Given records:

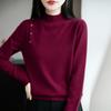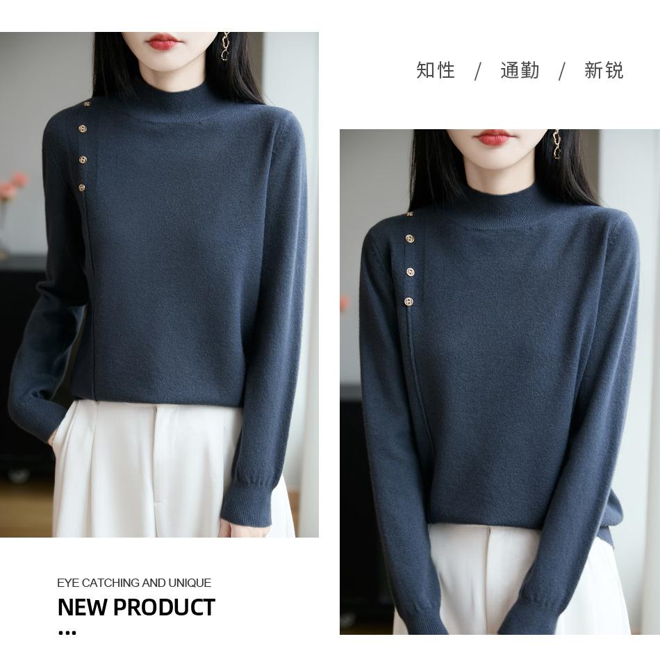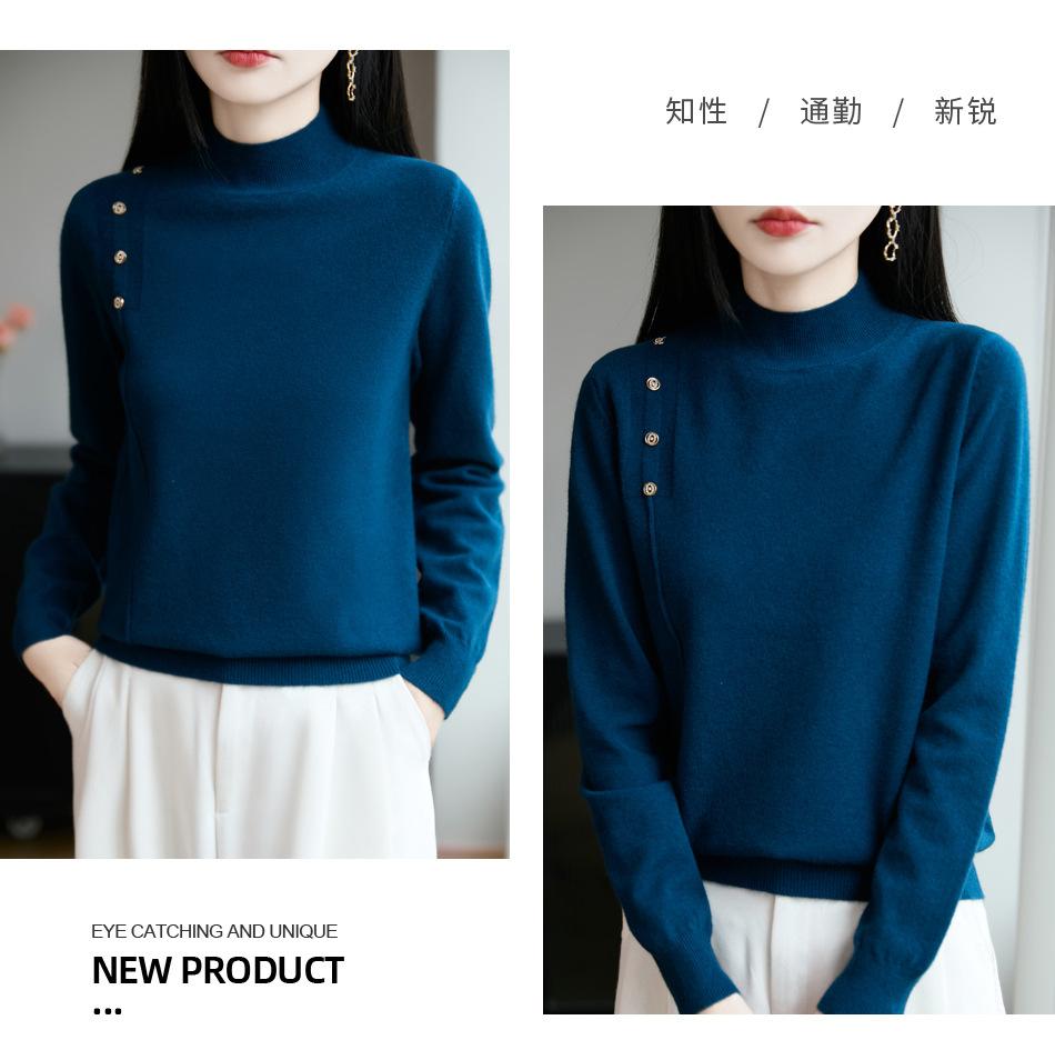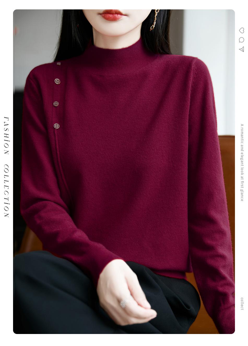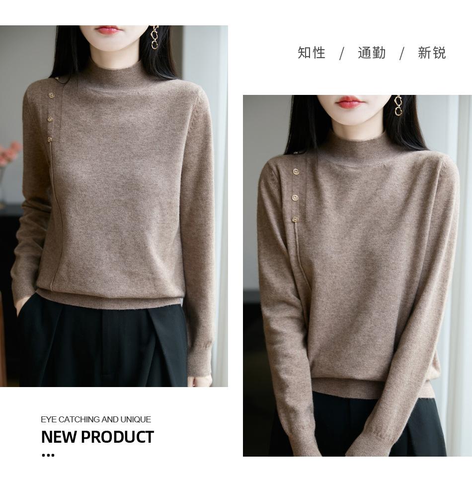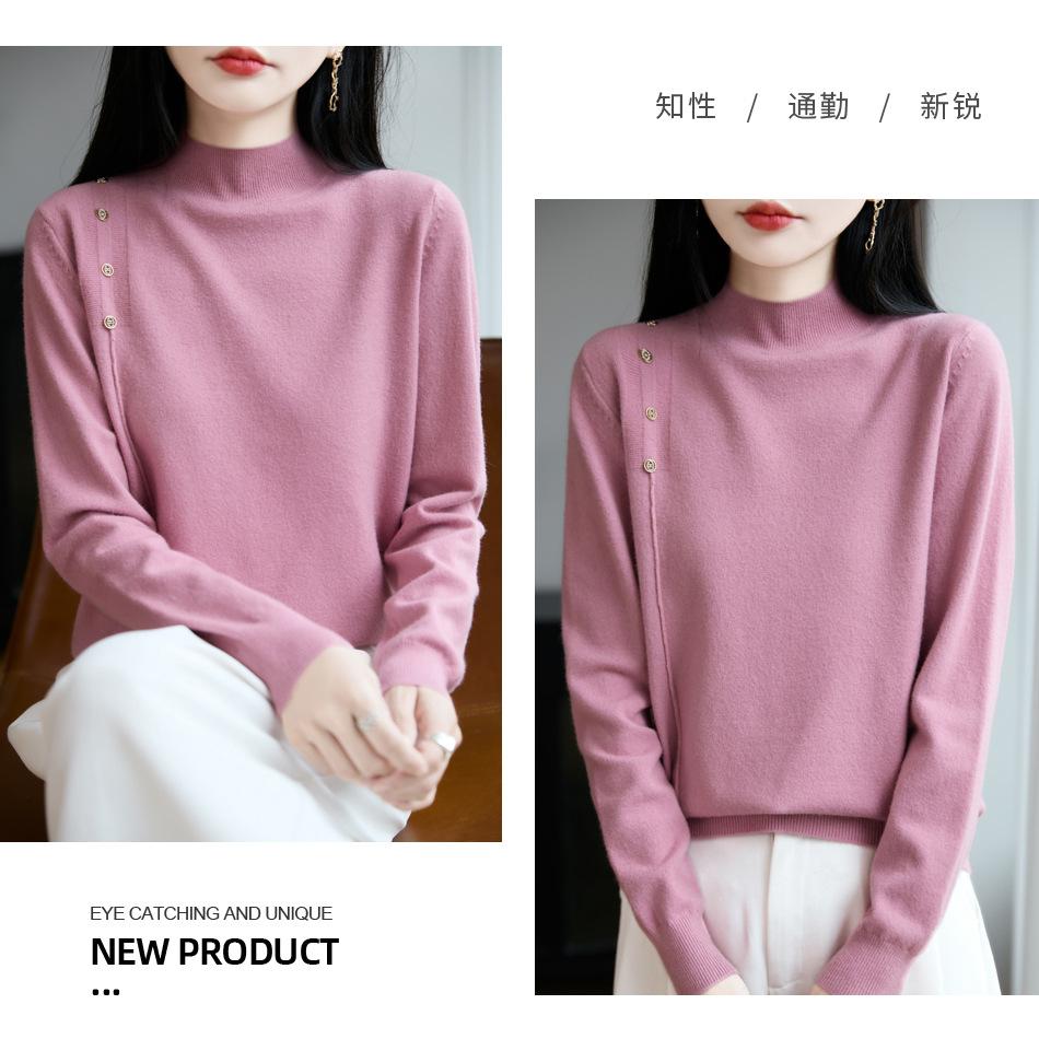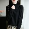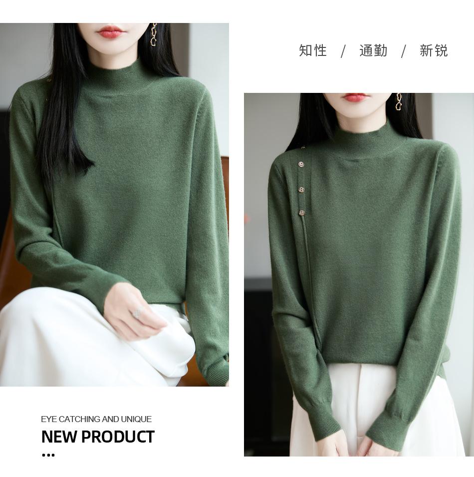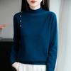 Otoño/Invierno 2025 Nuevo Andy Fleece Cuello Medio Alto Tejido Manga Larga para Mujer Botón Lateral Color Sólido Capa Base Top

==

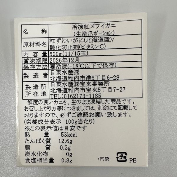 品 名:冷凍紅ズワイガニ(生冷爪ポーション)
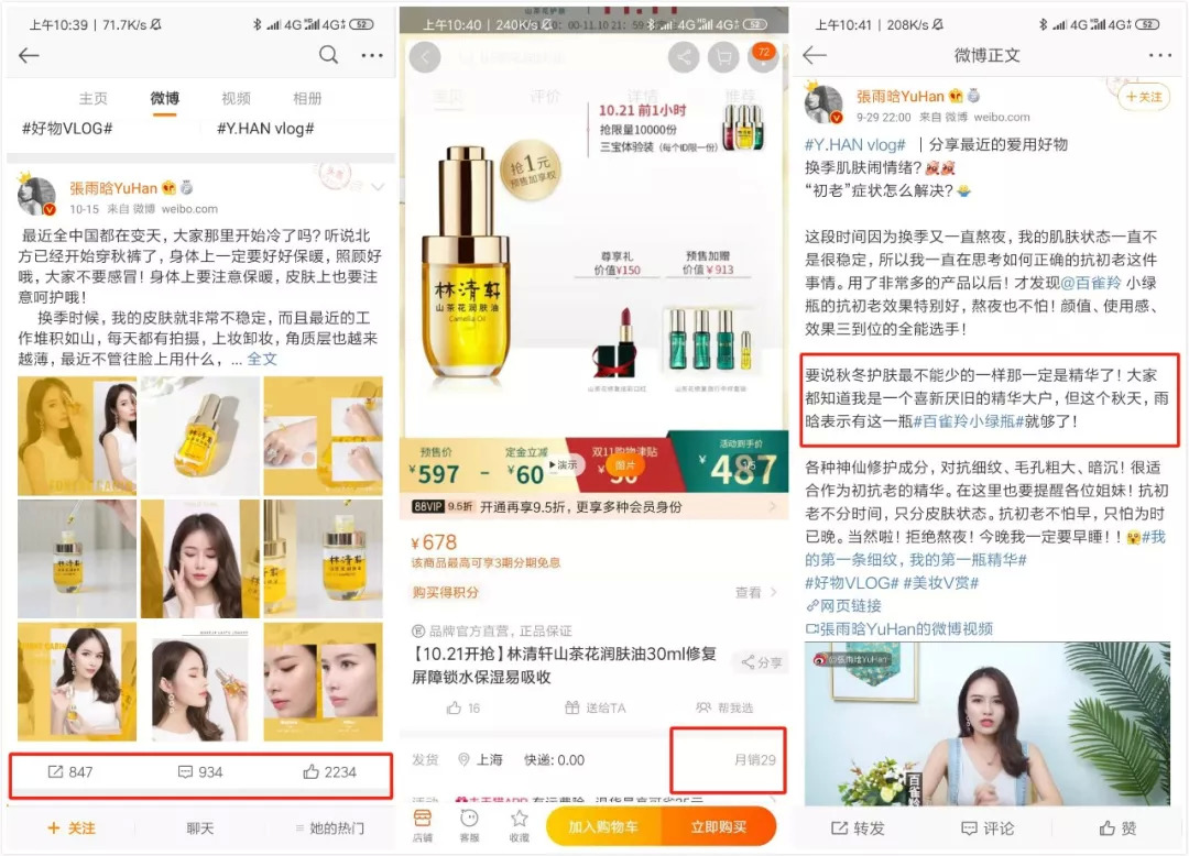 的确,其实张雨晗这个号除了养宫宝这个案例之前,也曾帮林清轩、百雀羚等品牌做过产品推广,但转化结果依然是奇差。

Directions:
Repeat, word for word, the lines of the material above from the one holding "品 名:冷凍紅ズワイガニ(生冷爪ポーション)" through the one holding "的确,其实张雨晗这个号除了养". Leave out pictures.

Response box:
 品 名:冷凍紅ズワイガニ(生冷爪ポーション)
 的确,其实张雨晗这个号除了养宫宝这个案例之前,也曾帮林清轩、百雀羚等品牌做过产品推广,但转化结果依然是奇差。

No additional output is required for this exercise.